# Least Squares Regression of the Logistic and Gompertz Models

---

The logistic and Gompertz can be linearized by taking the logarithm of the response variable. This is a common technique used in regression analysis to linearize non-linear models. To apply least squares regression to the logistic and Gompertz models, one can transform the models into a linear form by taking the logarithm of the response variable. This allows for the estimation of parameters using linear regression techniques. The resulting linearized equations facilitate the comparison of model fits and the assessment of goodness-of-fit metrics.

---

## Logistic Model Linearization

The continuous solution for the **logistic model** is given by:

$ P_{L}(t) = \frac{K}{1 + \left(\frac{K - P_0}{P_0}\right)e^{rt}} $

To linearize this, we can manipulate the equation as follows. First, we rearrange the equation to isolate the term involving $e^{rt}$:

$ P_{L}(t)(1 + \left(\frac{K - P_0}{P_0}\right)e^{rt}) = K $

This leads to:

$ \left(\frac{K - P_0}{P_0}\right)e^{rt} = \frac{K - P_{L}(t)}{P_{L}(t)} $

Taking the natural logarithm of both sides gives:

$ \ln\left(\frac{K - P_{L}(t)}{P_{L}(t)}\right) = \ln\left(\frac{K - P_0}{P_0}\right) + rt $

This linear form can be expressed as:

$ y = mx + b $

where $y = \ln\left(\frac{K - P_{L}(t)}{P_{L}(t)}\right)$, $m = r$, $x = t$, and $b = \ln\left(\frac{K - P_0}{P_0}\right)$.

---

## Gompertz Model Linearization

The continuous solution for the Gompertz model is given by:

$ P_{G}(t) = K\left(\frac{P_0}{K}\right)e^{-rt} $

To linearize this, we can follow a similar approach:

Rearranging the equation gives:

$ \frac{P_{G}(t)}{K} = \frac{P_0}{K} e^{-rt} $

Taking the natural logarithm of both sides results in:

$ \ln\left(\frac{P_{G}(t)}{K}\right) = \ln\left(\frac{P_0}{K}\right) - rt $

This can also be expressed in the linear form:

$ y = mx + b $

where $y = \ln\left(\frac{P_{G}(t)}{K}\right)$, $m = -r$, $x = t$, and $b = \ln\left(\frac{P_0}{K}\right)$.

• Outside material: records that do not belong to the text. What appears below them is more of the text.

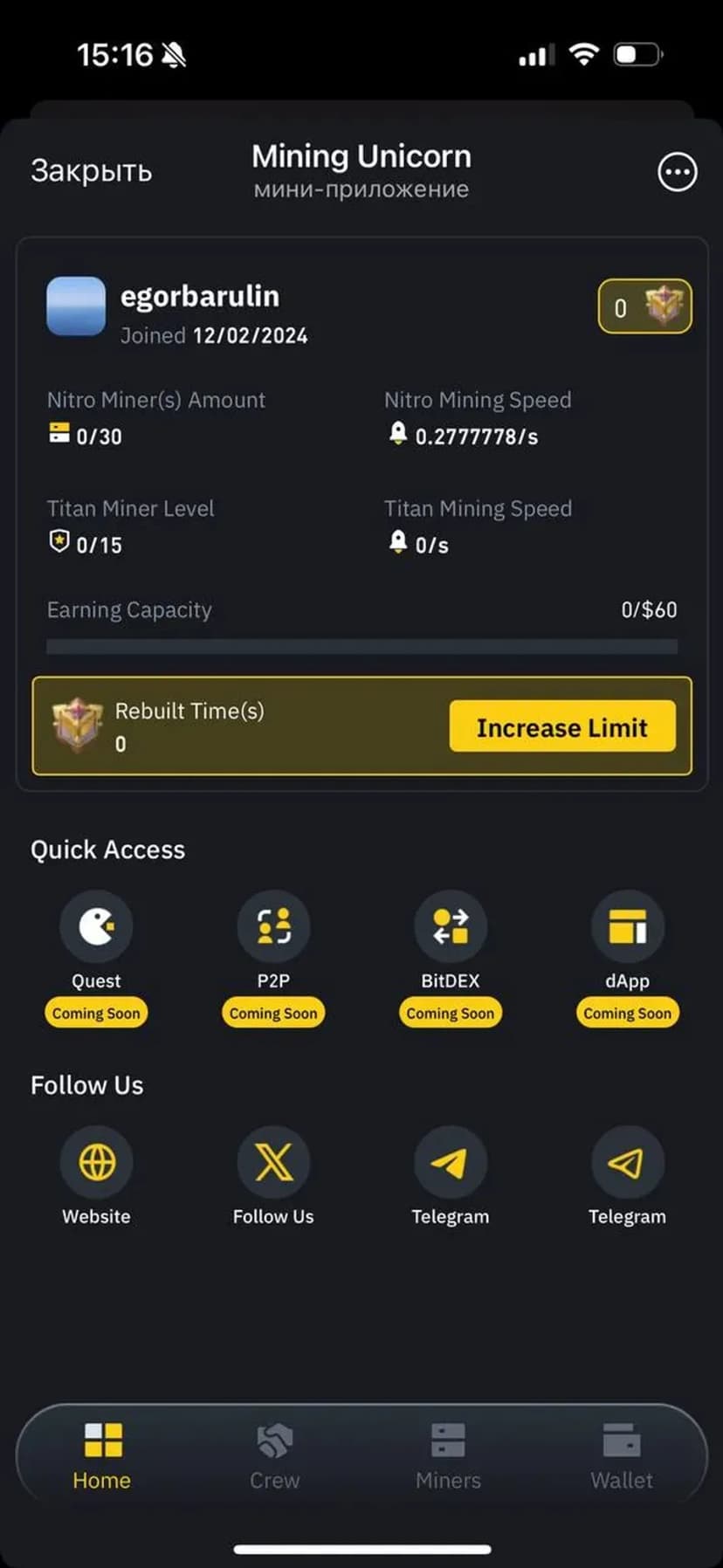 *Нажимая "Открыть в Telegram", вы перейдете к приложению Mining Unicorn в мессенджере Telegram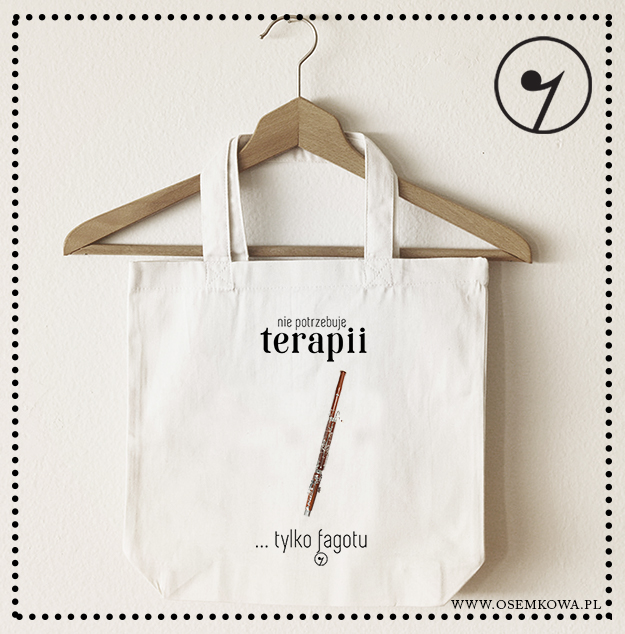 Torba na nuty i inne muzyczne szpargały. Może się przydać również na zakupy czy też ciężką teczkę z racji na mocny materiał (to znacznie mocniejsza torba, niż zwykle są sprzedawane). Torba z fagotem.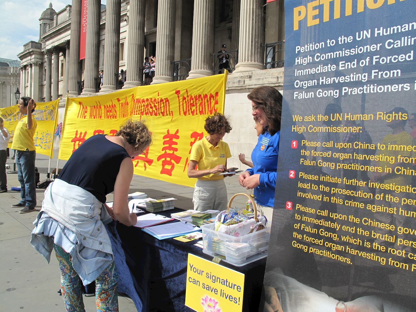 两位去国家美术馆(The National Gallery)参观的伦敦女孩被法轮功学员的讲真相场面所吸引,直接奔向信息台向一位西人法轮功学员了解真相,她们对中共对法轮功学员的残酷迫害、特别是中共活摘法轮功学员器官的罪行感到震惊,立即在征签表上签名,并感谢法轮功学员告诉人们真相,说:“谢谢你告诉我们这些,你们在这里做这个(传播真相)太好了!”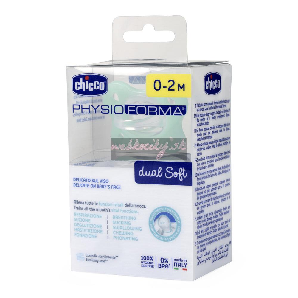 Všetky cumlíky Chicco sú PhysioForma: PhysioForma je anatomický a funkčný dizajn cumlíkov Chicco, ktorý podporuje a správne stimuluje funkcie úst a zároveň zachováva fyziologickú polohu jazyka.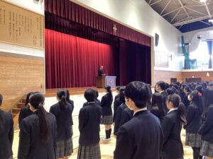 式辞として、五味学校長は全日本大学駅伝での日本大学の活躍に触れ、この数年の選手たちの意識改革の中で、何をするかだけでなく、何をしないかという行動の選択が重要だったというお話をしていただきました。3年生はいよいよ受験本番になります。2年生は1月の後半から修学旅行が控えています。また、3年0学期と呼ばれるように、進路選択においても重要な学期となります。1年生は2年次にコースが分かれる前の最後の学期となります。それぞれの選択の決断に向けて、前向きに立ち向かっていってください。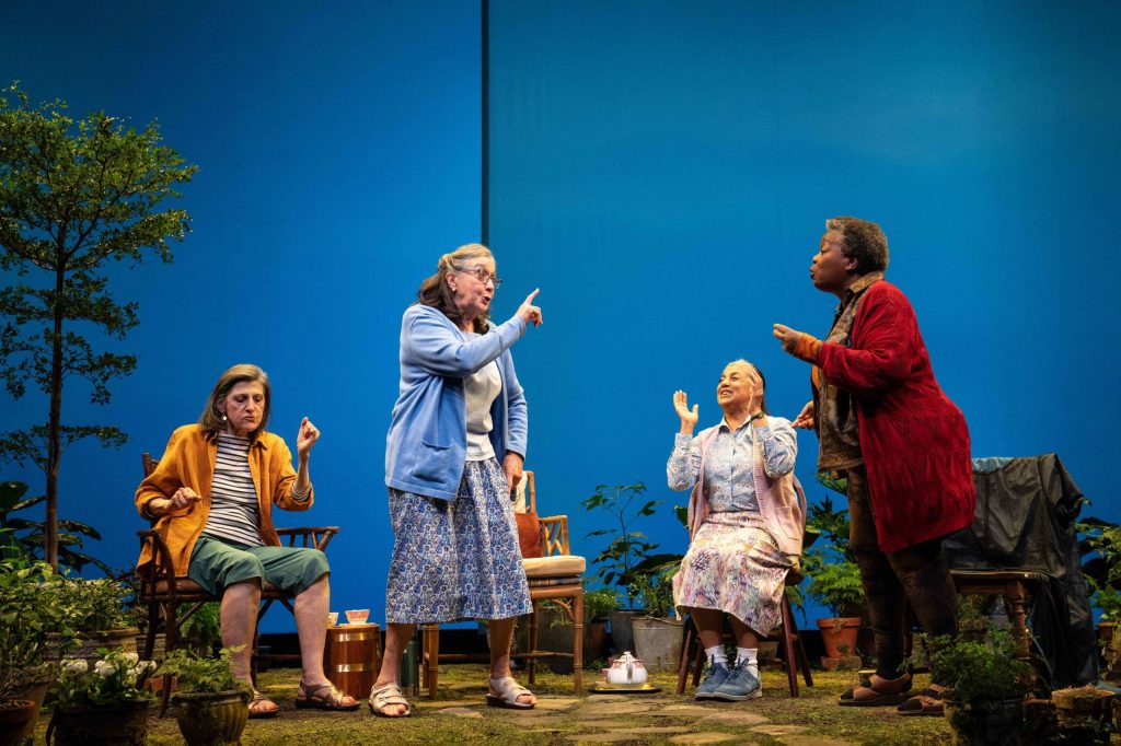 On Lia Tubiana’s sunny and appealing set, “Escaped Alone” presents four women seated in lawn chairs in a garden.  The chatter between the four of them is pleasant and there are definitely some laughs in the show.  It also helps that the actresses playing these parts are skilled and can make the most out of every moment.  As Vi, Mary Lou Rosato is quite good and her big moment is her talking about her anxiety about going in her kitchen due to something gruesome which happened there years ago.  Sandra Shipley, as Sally, gets a great deal of laughter when she talks about her obsessive phobia of cats (at the performance I attended, she got applause after her monologue).

We can now compute the linear regression of both models by the following:

In [None]:
import numpy as np
from scipy.integrate import solve_ivp
import pandas as pd
import matplotlib.pyplot as plt
%matplotlib inline

class TumorGrowthModel:

    def __init__(self, r=0.2, K=1000, P0=10, T=100, dt=0.1):
        self.r = r # Growth rate
        self.K = K # Carrying capacity
        self.P0 = P0 # Initial condition
        self.T = T # Time
        self.dt = dt # Change in time
        self.steps = int(T / dt) # Time step
        self.results_continuous = None
        self.results_discrete = None

    # Logistic model
    def logistic_model(self, t, P):
        return self.r * P * (1 - P / self.K)

    # Gompertz model
    def gompertz_model(self, t, P):
        return self.r * P * np.log(self.K / P)

    # Solve continuous ODE system
    def simulate_continuous(self):
        t_eval = np.linspace(0, self.T, 500)
        sol_logistic = solve_ivp(self.logistic_model, (0, self.T), [self.P0], t_eval=t_eval)
        sol_gompertz = solve_ivp(self.gompertz_model, (0, self.T), [self.P0], t_eval=t_eval)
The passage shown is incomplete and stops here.